Ist Eclipse ebenfalls auf UTF-8 gestellt?


----------



## KrokoDiehl (12. Dez 2011)

Hm, da die Texte hardkodiert sind, muss es ja fast am Compiler bzw. Compilereinstellungen liegen. Wenn die Codedateien tatsächlich in UTF-8 sind liest der Compiler wohl mit einem anderen Zeichensatz. Also vielleicht mal in diese Richtung suchen.


----------



## Sergeant_Pepper (12. Dez 2011)

in den Eigenschaften des Eclipse-Projekts ist UTF-8 eingestellt, im Maven pom.xml (siehe oben) auch. Wie gesagt, auch die Quelltexte sind laut Eclipse in UTF-8 gespeichert.

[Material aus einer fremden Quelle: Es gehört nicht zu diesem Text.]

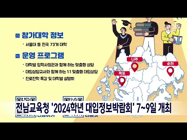 전라남도교육청이 오는 7일 목포실내체육관을 시작으로 나주와 순천에서 '2024학년도 대입 정보 박람회'를 잇따라 개최합니다. 전국 74개 대학이 참여하는 이번 박람회장에서는 입학사정관들과 대면 상담을 할 수 있으며 사전 신청자 통해 1대1 수시 상담도 받을 수 있습니다.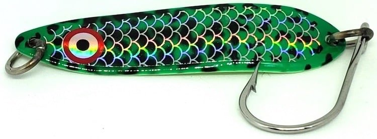 So good they made it rhyme. Carry it everywhere and you’ll pick it every time. In fact, in 2012 when Dane Christensen of The Harbour Chandler was sizing up new season prototypes, his friend Dave Mitenko kept picking and slaying with this one—silver and two-tone green. “It’s a keeper!” Needing a name, they turned to Dave’s newborn son, Kilian Mac Mitenko, and the dust settled after a misspelling. How’s that for a fish story? It’s as true as the fish you’ll be catching when you use this one.

In den Compiler-Einstellungen finde ich keine weiteren settings bzgl. des encoding.


----------



## timbeau (12. Dez 2011)

Du kannst den Compiler zwingen UTF8 zu nutzen :

javac -encoding UTF8 foo.java


----------



## Sergeant_Pepper (12. Dez 2011)

ich habe das etwas eingegrenzt: in einem "normalen" Eclipse-Projekt, ohne Maven, erscheinen die Umlaute wie sie sollen ...

Obwohl ich das entsprechende Maven-Propertie gesetzt habe...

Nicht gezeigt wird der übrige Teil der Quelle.